Only the pictures are to be dropped; return all other data below exactly.

■ **Data below**:

BEGIN

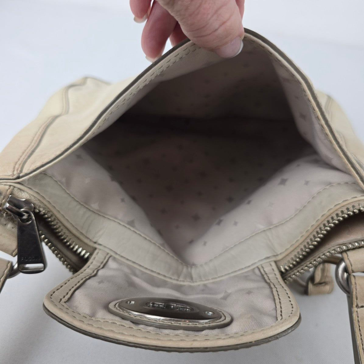 Fossil Cream Leather Crossbody Purse
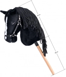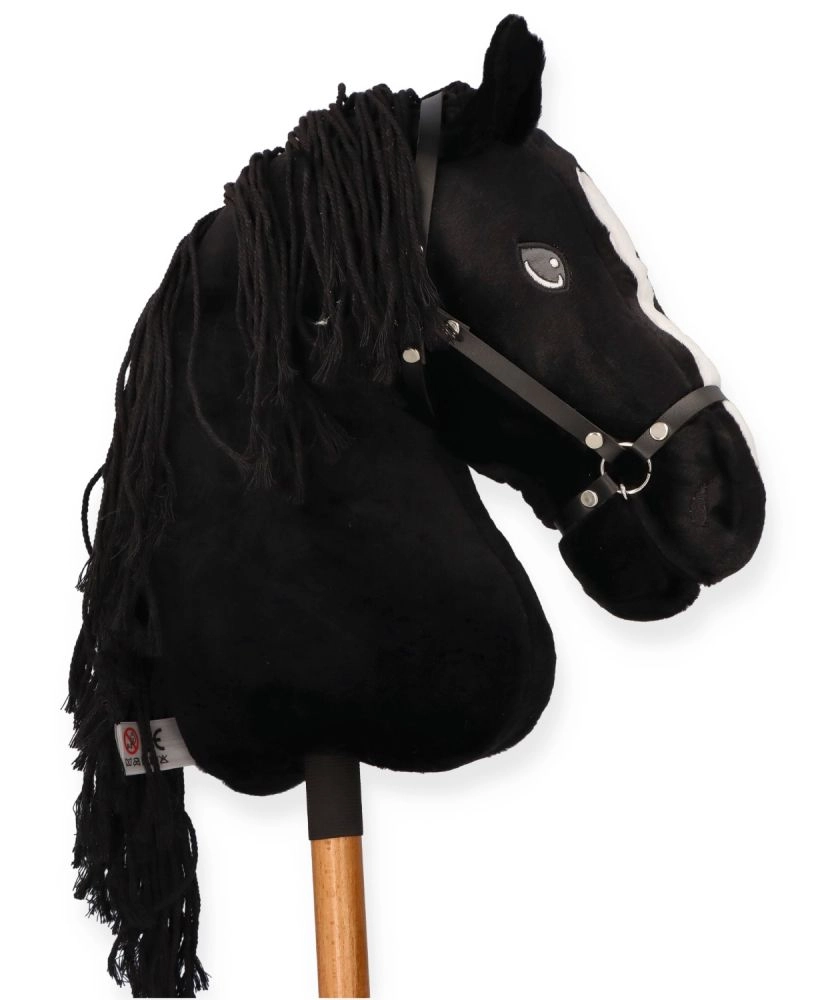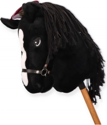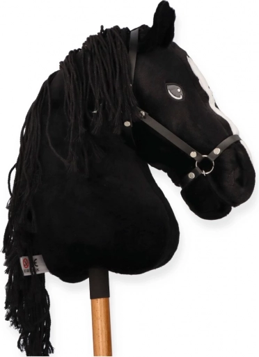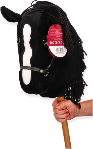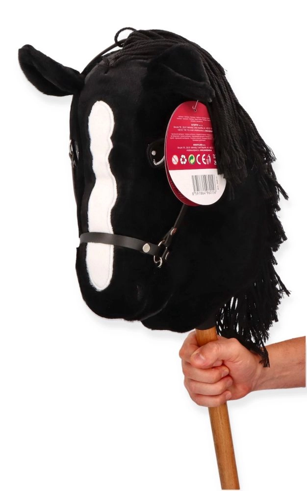 Crna plišana glava s grivom, bijelom zvijezdom i dekorativnom uzdom daje konjiću autentičan izgled koji djecu odmah uvlači u igru.
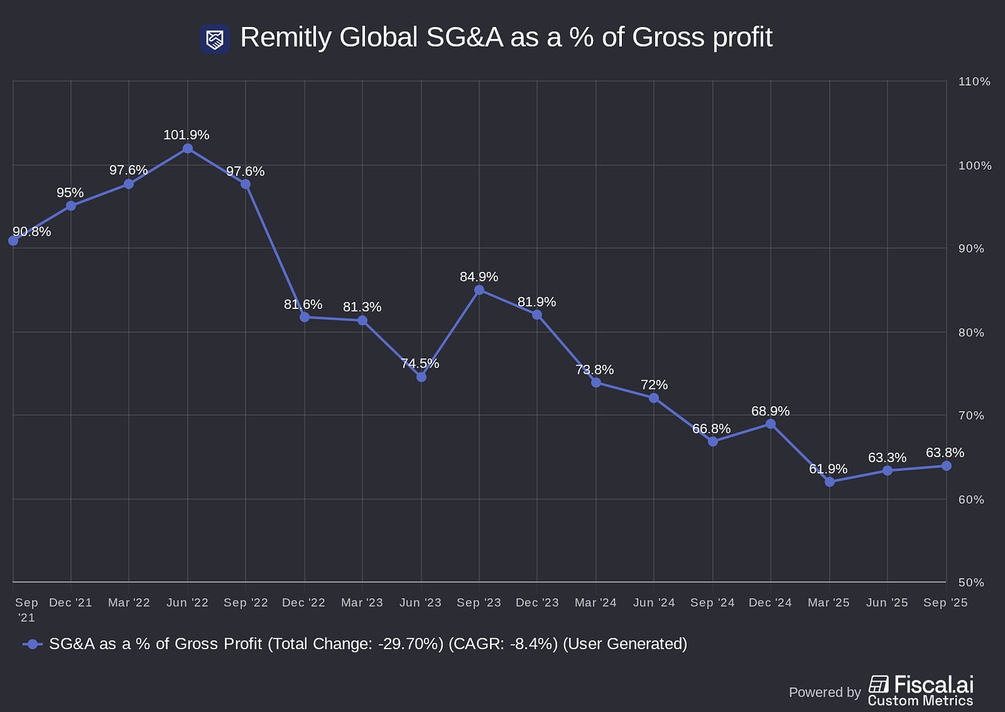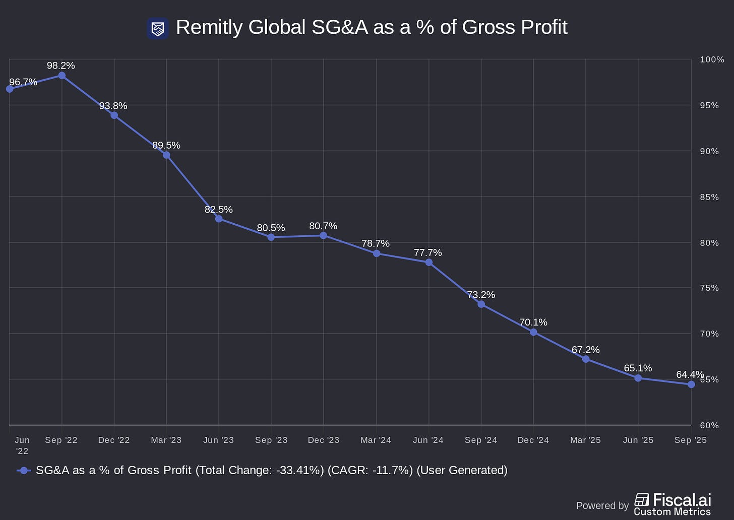 From 2020 through 2024, Remitly made steady progress leveraging its marketing spend. In 2025, it looks like it is…still making progress on this trend? Let’s not kill the thesis on one quarter of slowing efficiency (a quarter with a bunch of new product launches, it should be added).
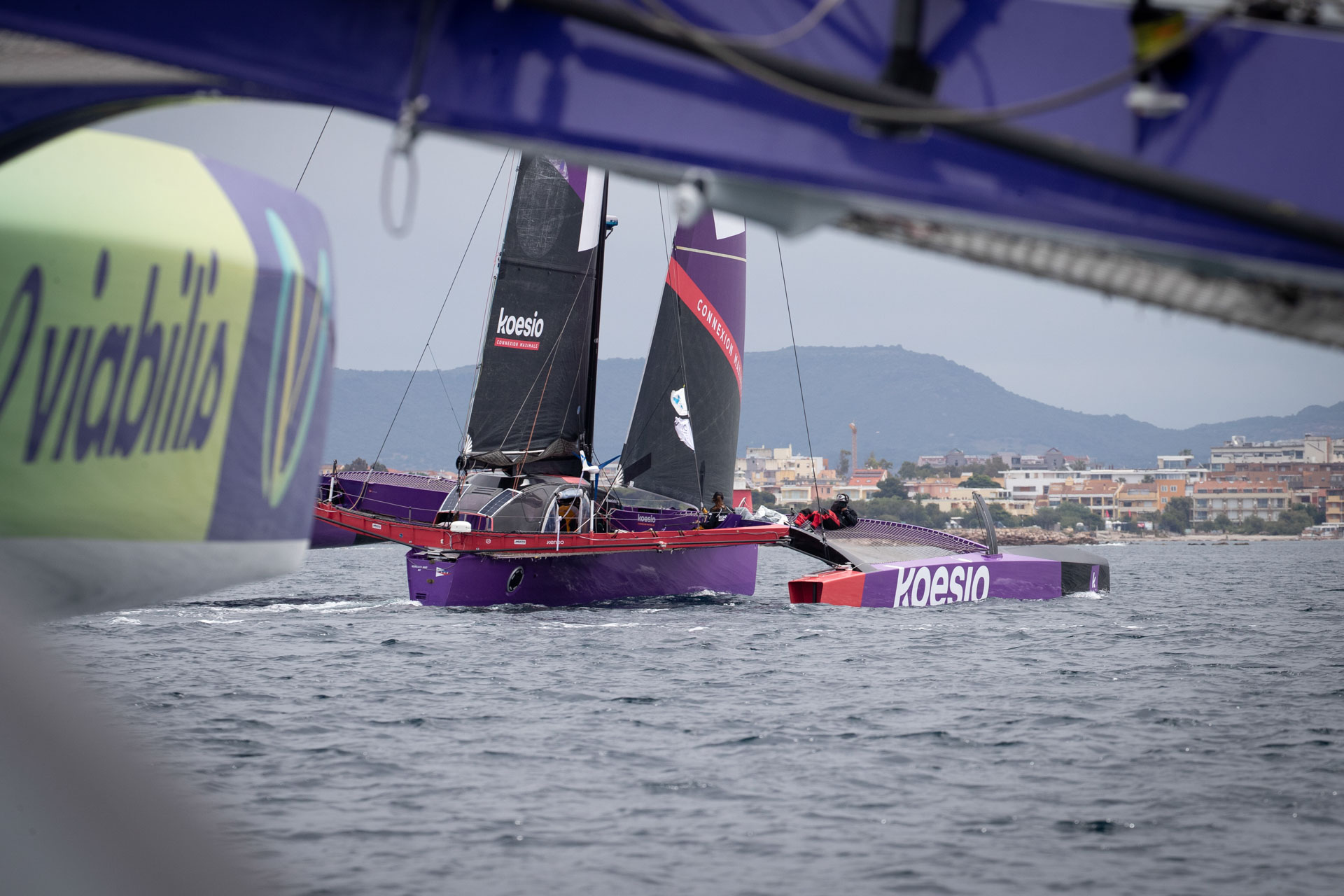 Alghero, Sardaigne… Un petit port sublime qui a accueilli à bras ouverts les 5 équipages du Pro Sailing Tour. De quoi naviguer dans la baie avec des invités et se gorger de sommeil avant de prendre le départ ce dimanche de la toute dernière étape : le Final Rush, long de 1 650 milles théoriques, à trois équipiers plus un médiaman. Une configuration complètement différente donc pour les Ocean Fifty qui vont régater sur une demie transat nécessitant de l’eau, de la nourriture pour vivre au large… de la lucidité, de l’intelligence et du physique pour entrer en rade de Brest en pole position.

END

■ **Written reply**:
 Fossil Cream Leather Crossbody Purse
 Crna plišana glava s grivom, bijelom zvijezdom i dekorativnom uzdom daje konjiću autentičan izgled koji djecu odmah uvlači u igru.
 From 2020 through 2024, Remitly made steady progress leveraging its marketing spend. In 2025, it looks like it is…still making progress on this trend? Let’s not kill the thesis on one quarter of slowing efficiency (a quarter with a bunch of new product launches, it should be added).
 Alghero, Sardaigne… Un petit port sublime qui a accueilli à bras ouverts les 5 équipages du Pro Sailing Tour. De quoi naviguer dans la baie avec des invités et se gorger de sommeil avant de prendre le départ ce dimanche de la toute dernière étape : le Final Rush, long de 1 650 milles théoriques, à trois équipiers plus un médiaman. Une configuration complètement différente donc pour les Ocean Fifty qui vont régater sur une demie transat nécessitant de l’eau, de la nourriture pour vivre au large… de la lucidité, de l’intelligence et du physique pour entrer en rade de Brest en pole position.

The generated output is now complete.